Jazz musician Troy Andrews, aka Trombone Shorty, is out with a new album called “Lifted,” which is inspired by New Orleans. He grew up surrounded by music in the Tremé neighborhood, marching through the streets in brass band parades as a kid. In 1990, at age 4, he played at the New Orleans Jazz and Heritage Festival, thanks to Bo Diddley bringing him to the stage. Earlier this month, he closed out that same festival.
Today, Trombone Shorty is a cultural staple of New Orleans. He’s worked with Ringo Star, Lenny Kravitz, Bruno Mars, and numerous other stars. He’s also played at the White House and all over the world. His new album is called “Lifted.”
Trombone Shorty tells Press Play that until he was a teenager, he thought everyone everywhere was surrounded by music in their neighborhoods, and that it was just normal to play songs.
He was born into a family of musicians. His grandfather, Jessie Hill, wrote songs in the 1960s, including the hit “Ooh Poo Pah Doo.” Trombone Shorty’s career got started thanks to his brother, James Andrews, who took him all over the world and gave him his stage nickname.
“Even though I'm much taller than my horn now, everybody still calls me that [Trombone Shorty]. I go by that. We have — may you rest in peace — Tuba Fats (Anthony Lacen). And everybody has a nickname here [New Orleans].”
He says many of his younger family members, particularly cousins, play across New Orleans, but they don’t get a chance to perform together unless it’s at a funeral. And he wants to change that so they all can perform in celebration of life and music.
Trombone Shorty emphasizes that whenever he plays music now, it’s a tribute to his mother Lois Nelson-Andrews, who passed away last year.
“She never traveled. She’s never been on a plane. So she will always live through me whenever I travel around the world. So I always had my road manager take videos of us on stage all over the world. So I can send it to her, she can see where we were and how many people we were playing in front. And just try to make her proud.”
He says his worldwide success became mind-blowing to her. “What I'm doing today, I don't think that the people in my neighborhood or my mom, they haven't seen anything like that. … ‘I just thought that you would be a regular brass band musician’ — that's what she told me. So for her to see the things that I'm doing today, it was unbelievable how excited she was because she never saw that far.”
How did Trombone Shorty become bigger than the other musicians in his family and community? He says he knew at an early age that natural talent could only take him so far. So he got an education at the New Orleans Center for Creative Arts.

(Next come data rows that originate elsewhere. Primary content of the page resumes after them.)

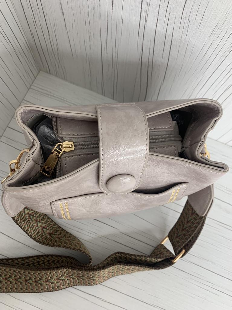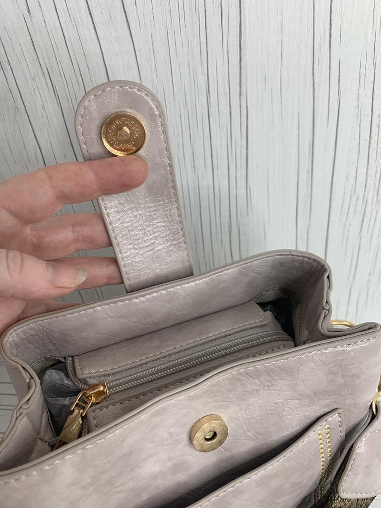 Сумка хорошая, качественного исполнения. Магнит хорошо держит, молния внутри как обычно тонкая. Сумка имеет только один карман в внутри по середине. Как косметичка. Больше карманов нет. И два основных. Для женских мелочей подойдет. Ремень коротковат. Носить можно только через плечо. На искосок уже не поносишь. Нужно ремень длиньше. Полная длина ремня с зажимами 109 см. При перевозке повредили немного сумку. Но я оставила. Не критично. Но лучше замок хлястик прятать во внутрь сумки при транспортировке.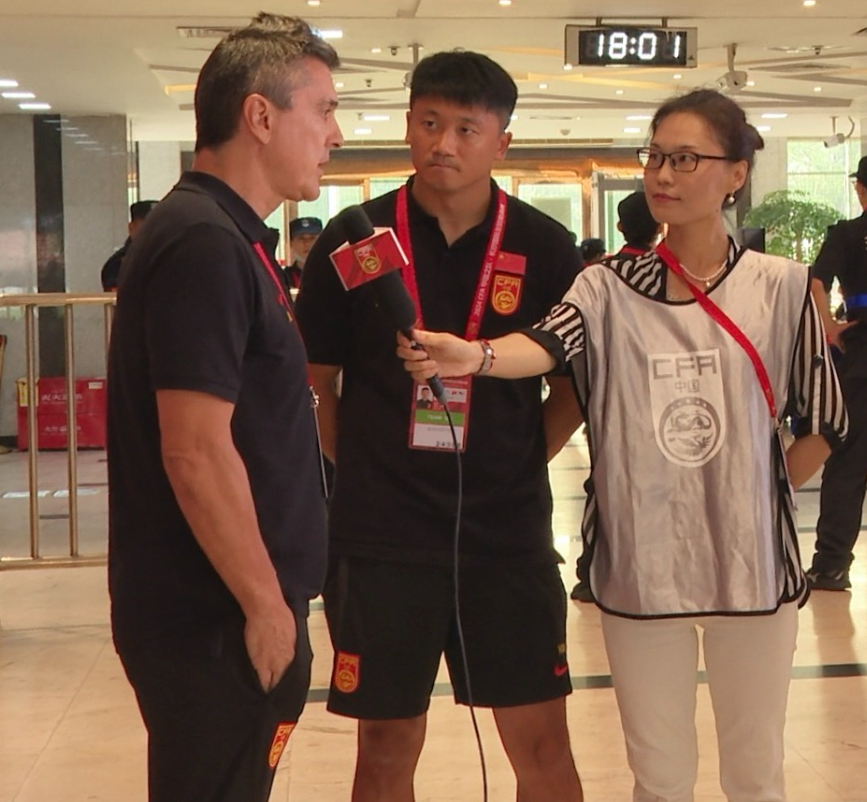 北京广播电视台记者林檬(右)采访U23中国队主教练安东尼奥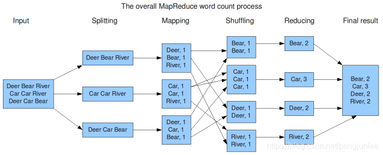 下图演示了MapReduce如何对文件中单词的出现频率进行统计。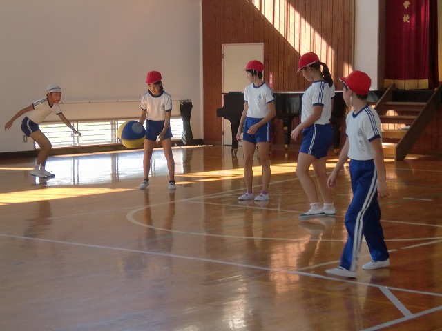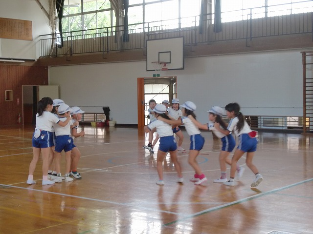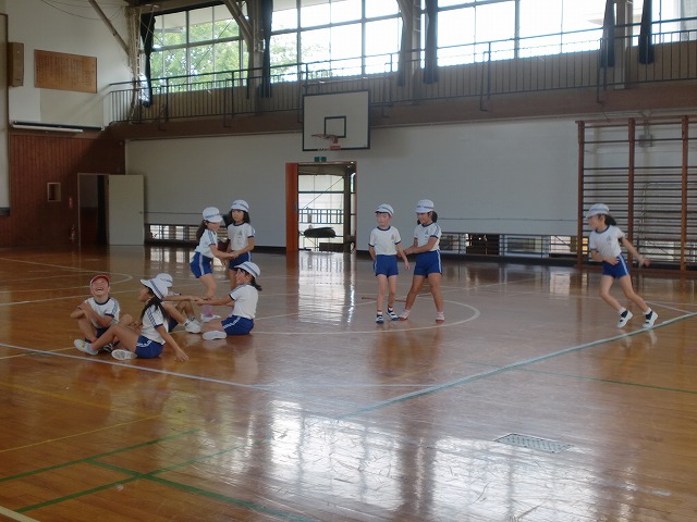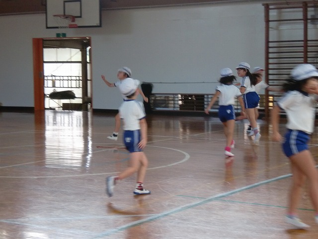 2年生の体育です。みんな仲良く元気に動き回っています。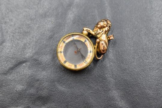A 9ct rose gold compass fob having a moulded lion terminal, pointers present but loose, approx 5.4g gross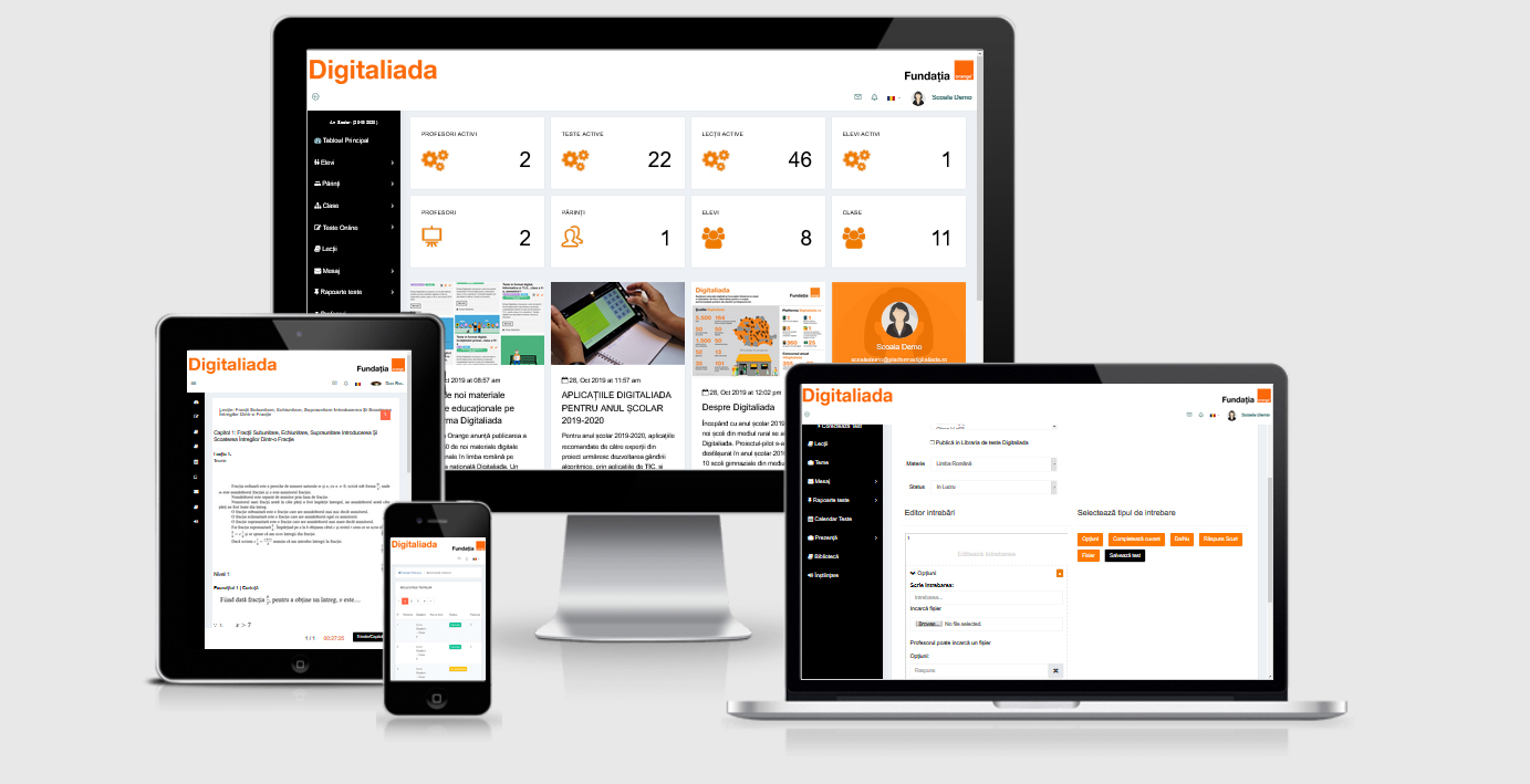 FOTO: Secțiunea de învățare și testare online, cont de școală București, 14 noiembrie 2019. Fundația Orange anunță lansarea secțiunii de învățare și testare online Digitaliada ce pune gratuit la dispoziția...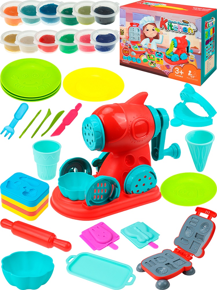 Большой подарочный набор из пластилина прекрасно подойдет для всех детей - мальчиков и девочек от 3-х лет. Игровой набор окунет ребенка в ролевую игру повара на кухне - с помощью мясорубки, гриля и форм он будет "готовить" самые разные блюда, а тесто для лепки, которое заменяет пластилин, идеально подойдет для этого. В наборе: пластилин (12 цветов), 35 предметов. В картонной коробке.
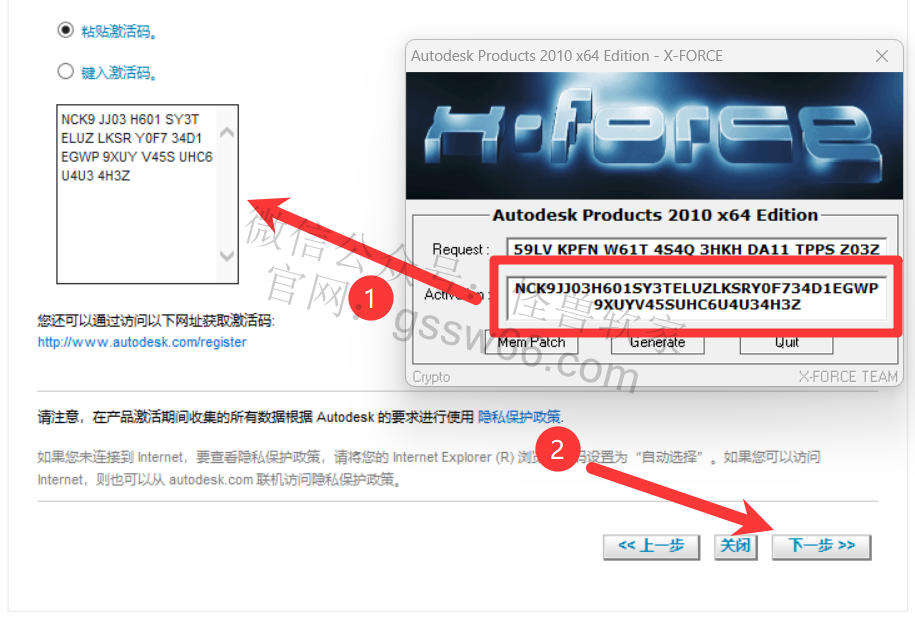 29,把激活码复制并粘贴到CAD激活码框内,点击“下一步”

“I just took music very serious. … I would call my teachers at any time at night and just continue to learn. And then out of high school, I joined Lenny Kravitz’s band, and then that took my mind to a different level. So I think the most important thing is that I was always open-minded and always willing to learn, and go find different things that I had no idea about.”
Trombone Shorty is passing down his knowledge too. His Troy Andrews Academy teaches music to students every Monday.

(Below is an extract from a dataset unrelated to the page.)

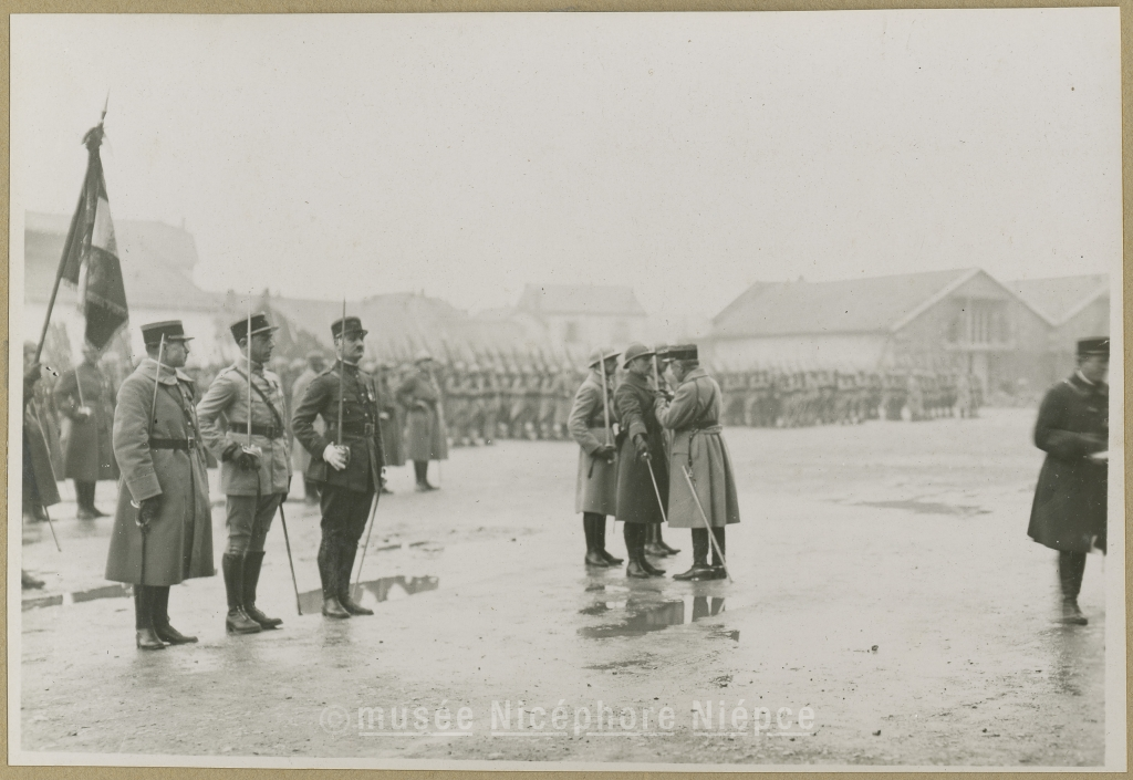 Une prise d'armes, à Chalon, à la caserne Carnot, le 17 janvier 1931. Remise de décorations.
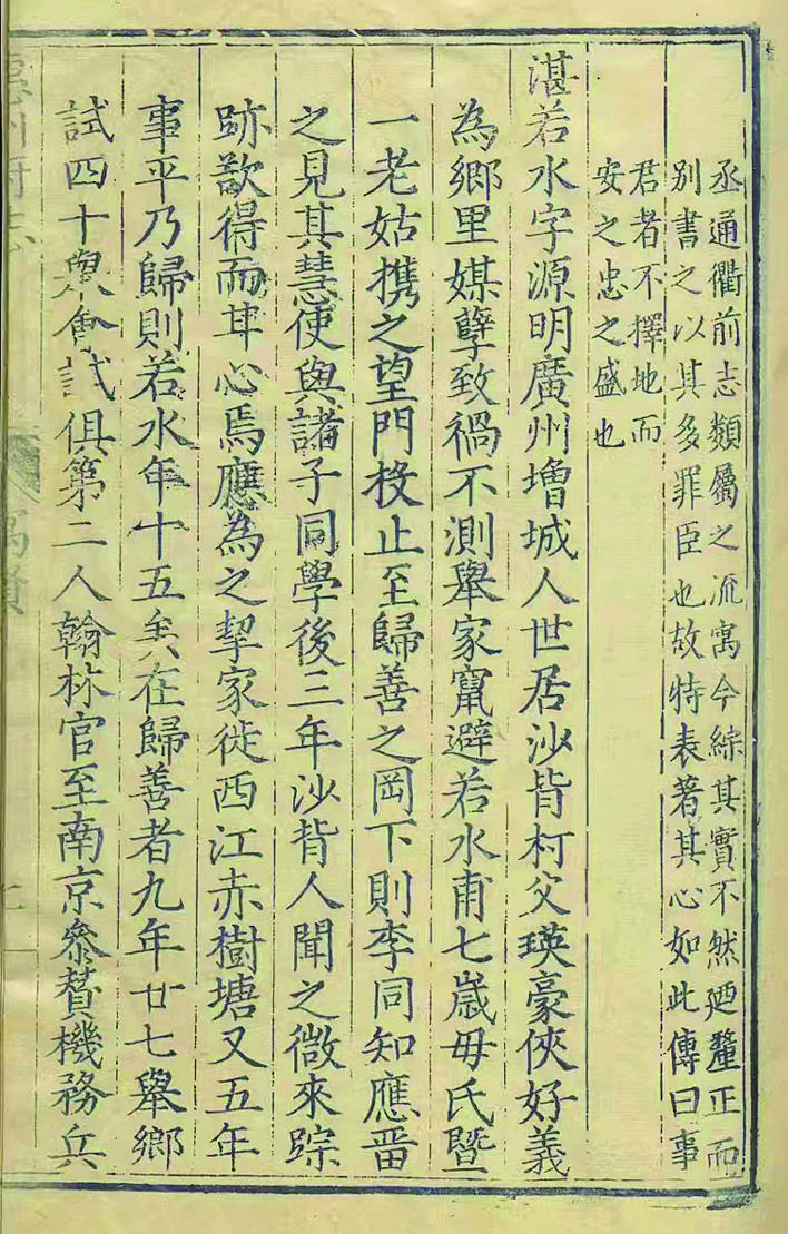 關(guān)于湛若水的童年經(jīng)歷,文獻(xiàn)中也有另一種說(shuō)法。比如明代蔣冕撰《明封太孺人陳氏墓志銘》謂,“怡庵公(湛若水父親)既蚤世,太孺人孀居于母家,餐糲衣故,惟切切以教子為務(wù)”。顧鼎臣撰《慈母?jìng)鳌芬嘀^,“家嘗中衰,怡庵又蚤世,孺人攜若水及諸女依母家以居,餐糲衣敝,日夜切切以訓(xùn)子為事”。蔣冕和顧鼎臣均未提及湛母帶著湛若水避難惠州之事,僅是“依母家以居”。然湛母卒于明正德十年(1515),距離避難惠州時(shí)已過(guò)去四十余年,后人撰記時(shí)對(duì)這段記憶恐早已模糊。

“I realized after the storm, after Katrina, that I may be one of the only people left that grew up with that type of musical community. So I just wanted to make sure that other kids … can see my experience. … I created the foundation and the academy. So not only do we teach them music, we teach them audio engineering, we teach them the music business too.”

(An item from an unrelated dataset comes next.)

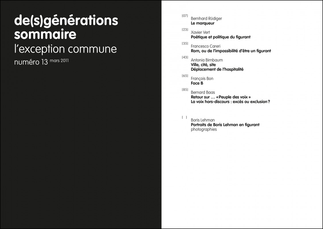 Bernard Baas, Antonia Birnbaum, François Bon, Francesco Careri, Boris Lehman, Bernhard Rüdiger, Xavier Vert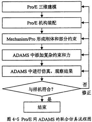 在仿真中如果發(fā)現(xiàn)結(jié)果不對,則我們需要對前面的模型進(jìn)行修正,然后再做仿真分析,直到結(jié)果正確。總而言之利用Pro/E和ADAMS進(jìn)行聯(lián)合仿真,其基本的步驟如圖4-5所示。

He adds, “More people in New Orleans are cherishing the culture because they realize now that it doesn't happen anywhere. So whenever we do a second-line parade, or we have some type of celebration with music, you'll see people come in record numbers. Because it just took something like that [Hurricane Katrina] for those people to realize that this is a special magical city, and it's not everywhere.”
Trombone Shorty will perform at the Hollywood Bowl on August 10.